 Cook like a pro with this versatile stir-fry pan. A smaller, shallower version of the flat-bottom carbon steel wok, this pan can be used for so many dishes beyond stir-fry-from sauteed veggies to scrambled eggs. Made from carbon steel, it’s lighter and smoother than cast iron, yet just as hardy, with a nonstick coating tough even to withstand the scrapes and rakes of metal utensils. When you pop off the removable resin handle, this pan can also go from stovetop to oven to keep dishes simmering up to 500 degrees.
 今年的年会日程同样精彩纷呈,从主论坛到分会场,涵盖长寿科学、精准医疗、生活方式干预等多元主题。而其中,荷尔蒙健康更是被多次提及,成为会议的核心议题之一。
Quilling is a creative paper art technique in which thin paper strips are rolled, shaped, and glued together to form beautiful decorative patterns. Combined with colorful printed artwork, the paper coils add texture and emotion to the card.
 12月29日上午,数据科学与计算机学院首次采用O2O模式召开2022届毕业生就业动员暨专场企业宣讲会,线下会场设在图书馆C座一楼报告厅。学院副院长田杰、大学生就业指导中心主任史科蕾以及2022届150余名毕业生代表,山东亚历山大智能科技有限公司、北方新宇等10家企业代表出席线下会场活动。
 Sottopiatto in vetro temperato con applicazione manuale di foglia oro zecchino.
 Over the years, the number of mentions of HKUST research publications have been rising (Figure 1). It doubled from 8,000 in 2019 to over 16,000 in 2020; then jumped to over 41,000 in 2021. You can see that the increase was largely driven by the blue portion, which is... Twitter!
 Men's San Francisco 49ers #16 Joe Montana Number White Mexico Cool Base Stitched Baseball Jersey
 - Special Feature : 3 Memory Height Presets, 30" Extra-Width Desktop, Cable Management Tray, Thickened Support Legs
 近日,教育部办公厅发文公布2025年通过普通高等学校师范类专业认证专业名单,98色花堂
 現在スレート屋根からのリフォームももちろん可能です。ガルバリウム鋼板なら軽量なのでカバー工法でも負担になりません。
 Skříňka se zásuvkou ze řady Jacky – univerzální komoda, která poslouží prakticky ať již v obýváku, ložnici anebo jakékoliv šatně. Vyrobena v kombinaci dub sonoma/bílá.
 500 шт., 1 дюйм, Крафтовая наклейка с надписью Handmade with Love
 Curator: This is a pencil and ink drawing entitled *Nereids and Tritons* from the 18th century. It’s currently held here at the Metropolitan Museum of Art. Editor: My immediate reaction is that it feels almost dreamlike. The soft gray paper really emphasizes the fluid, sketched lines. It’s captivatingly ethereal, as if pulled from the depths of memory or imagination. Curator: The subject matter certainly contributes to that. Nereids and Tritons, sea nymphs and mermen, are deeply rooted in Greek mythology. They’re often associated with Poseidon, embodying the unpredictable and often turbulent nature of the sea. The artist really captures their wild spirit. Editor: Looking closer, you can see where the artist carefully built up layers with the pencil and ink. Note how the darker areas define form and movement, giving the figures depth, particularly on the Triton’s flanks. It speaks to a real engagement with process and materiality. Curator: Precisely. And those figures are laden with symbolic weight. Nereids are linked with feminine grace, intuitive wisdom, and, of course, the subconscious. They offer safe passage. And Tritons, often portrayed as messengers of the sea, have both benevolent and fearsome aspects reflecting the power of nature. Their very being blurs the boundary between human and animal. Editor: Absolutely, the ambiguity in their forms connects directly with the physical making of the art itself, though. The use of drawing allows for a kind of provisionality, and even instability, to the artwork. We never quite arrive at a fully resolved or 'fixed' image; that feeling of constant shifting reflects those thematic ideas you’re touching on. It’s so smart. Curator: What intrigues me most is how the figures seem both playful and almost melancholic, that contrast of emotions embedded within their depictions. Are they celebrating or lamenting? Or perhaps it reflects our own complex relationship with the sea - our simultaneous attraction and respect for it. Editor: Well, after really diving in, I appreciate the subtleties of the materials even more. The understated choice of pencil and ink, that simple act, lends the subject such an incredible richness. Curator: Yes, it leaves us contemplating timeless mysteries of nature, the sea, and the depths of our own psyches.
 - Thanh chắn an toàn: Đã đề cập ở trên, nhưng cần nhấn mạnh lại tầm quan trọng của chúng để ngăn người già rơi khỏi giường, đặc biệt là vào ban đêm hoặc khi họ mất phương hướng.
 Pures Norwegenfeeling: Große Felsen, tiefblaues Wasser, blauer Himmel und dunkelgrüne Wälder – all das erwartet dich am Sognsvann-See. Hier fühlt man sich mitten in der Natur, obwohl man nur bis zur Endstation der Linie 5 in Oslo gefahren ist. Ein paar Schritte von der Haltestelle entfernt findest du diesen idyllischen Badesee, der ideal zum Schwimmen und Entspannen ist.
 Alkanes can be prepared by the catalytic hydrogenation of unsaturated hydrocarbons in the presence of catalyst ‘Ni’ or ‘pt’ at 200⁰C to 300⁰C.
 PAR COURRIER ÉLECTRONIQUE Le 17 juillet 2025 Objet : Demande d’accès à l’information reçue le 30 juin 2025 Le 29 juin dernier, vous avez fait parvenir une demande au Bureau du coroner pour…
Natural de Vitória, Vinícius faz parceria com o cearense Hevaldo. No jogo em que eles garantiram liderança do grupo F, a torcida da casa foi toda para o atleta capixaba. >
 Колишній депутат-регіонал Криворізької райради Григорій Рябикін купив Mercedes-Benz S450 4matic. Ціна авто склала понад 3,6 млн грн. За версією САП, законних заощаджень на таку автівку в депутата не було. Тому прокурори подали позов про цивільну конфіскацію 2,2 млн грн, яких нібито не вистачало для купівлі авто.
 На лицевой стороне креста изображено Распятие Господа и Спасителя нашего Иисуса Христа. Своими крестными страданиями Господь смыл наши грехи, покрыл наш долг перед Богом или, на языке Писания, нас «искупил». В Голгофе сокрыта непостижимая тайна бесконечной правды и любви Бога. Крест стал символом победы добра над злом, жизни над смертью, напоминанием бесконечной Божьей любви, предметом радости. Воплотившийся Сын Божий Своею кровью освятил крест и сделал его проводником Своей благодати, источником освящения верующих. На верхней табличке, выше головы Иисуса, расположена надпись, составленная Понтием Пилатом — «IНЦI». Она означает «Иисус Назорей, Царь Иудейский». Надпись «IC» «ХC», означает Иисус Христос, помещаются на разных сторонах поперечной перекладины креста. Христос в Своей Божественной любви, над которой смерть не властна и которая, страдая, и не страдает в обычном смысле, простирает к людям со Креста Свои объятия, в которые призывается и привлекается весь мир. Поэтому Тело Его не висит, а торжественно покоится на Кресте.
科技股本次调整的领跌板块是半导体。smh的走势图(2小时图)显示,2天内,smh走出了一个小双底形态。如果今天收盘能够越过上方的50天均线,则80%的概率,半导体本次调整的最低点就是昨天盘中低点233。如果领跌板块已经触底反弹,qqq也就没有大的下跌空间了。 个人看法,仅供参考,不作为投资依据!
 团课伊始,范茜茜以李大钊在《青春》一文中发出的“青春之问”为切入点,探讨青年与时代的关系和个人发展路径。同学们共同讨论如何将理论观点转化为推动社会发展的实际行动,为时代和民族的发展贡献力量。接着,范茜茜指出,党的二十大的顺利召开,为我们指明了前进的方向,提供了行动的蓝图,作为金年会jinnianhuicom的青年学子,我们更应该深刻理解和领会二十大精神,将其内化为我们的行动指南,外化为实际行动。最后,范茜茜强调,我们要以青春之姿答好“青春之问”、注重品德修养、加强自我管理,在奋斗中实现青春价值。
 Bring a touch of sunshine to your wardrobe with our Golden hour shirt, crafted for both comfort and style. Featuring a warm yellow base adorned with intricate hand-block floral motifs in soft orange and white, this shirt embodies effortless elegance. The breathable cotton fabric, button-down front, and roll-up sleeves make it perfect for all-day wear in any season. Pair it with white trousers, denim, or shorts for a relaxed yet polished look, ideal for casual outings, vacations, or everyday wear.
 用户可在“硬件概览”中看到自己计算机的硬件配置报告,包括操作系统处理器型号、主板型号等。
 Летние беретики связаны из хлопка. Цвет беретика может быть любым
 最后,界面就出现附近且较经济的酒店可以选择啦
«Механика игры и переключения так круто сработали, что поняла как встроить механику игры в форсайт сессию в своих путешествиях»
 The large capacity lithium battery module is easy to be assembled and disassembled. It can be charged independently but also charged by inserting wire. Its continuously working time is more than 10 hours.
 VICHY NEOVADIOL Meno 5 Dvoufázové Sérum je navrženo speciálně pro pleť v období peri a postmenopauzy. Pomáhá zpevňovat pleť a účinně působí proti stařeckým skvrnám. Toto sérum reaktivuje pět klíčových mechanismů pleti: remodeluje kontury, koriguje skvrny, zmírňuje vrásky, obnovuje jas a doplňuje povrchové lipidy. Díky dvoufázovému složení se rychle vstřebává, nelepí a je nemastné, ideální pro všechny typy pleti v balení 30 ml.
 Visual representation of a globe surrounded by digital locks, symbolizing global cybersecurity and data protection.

Problem requirements: Using the data above, repeat exactly the lines that begin at the line with "Men's San Francisco" and end at the line with "Skříňka se zásuvkou", both ends included.

Response:
 Men's San Francisco 49ers #16 Joe Montana Number White Mexico Cool Base Stitched Baseball Jersey
 - Special Feature : 3 Memory Height Presets, 30" Extra-Width Desktop, Cable Management Tray, Thickened Support Legs
 近日,教育部办公厅发文公布2025年通过普通高等学校师范类专业认证专业名单,98色花堂
 現在スレート屋根からのリフォームももちろん可能です。ガルバリウム鋼板なら軽量なのでカバー工法でも負担になりません。
 Skříňka se zásuvkou ze řady Jacky – univerzální komoda, která poslouží prakticky ať již v obýváku, ložnici anebo jakékoliv šatně. Vyrobena v kombinaci dub sonoma/bílá.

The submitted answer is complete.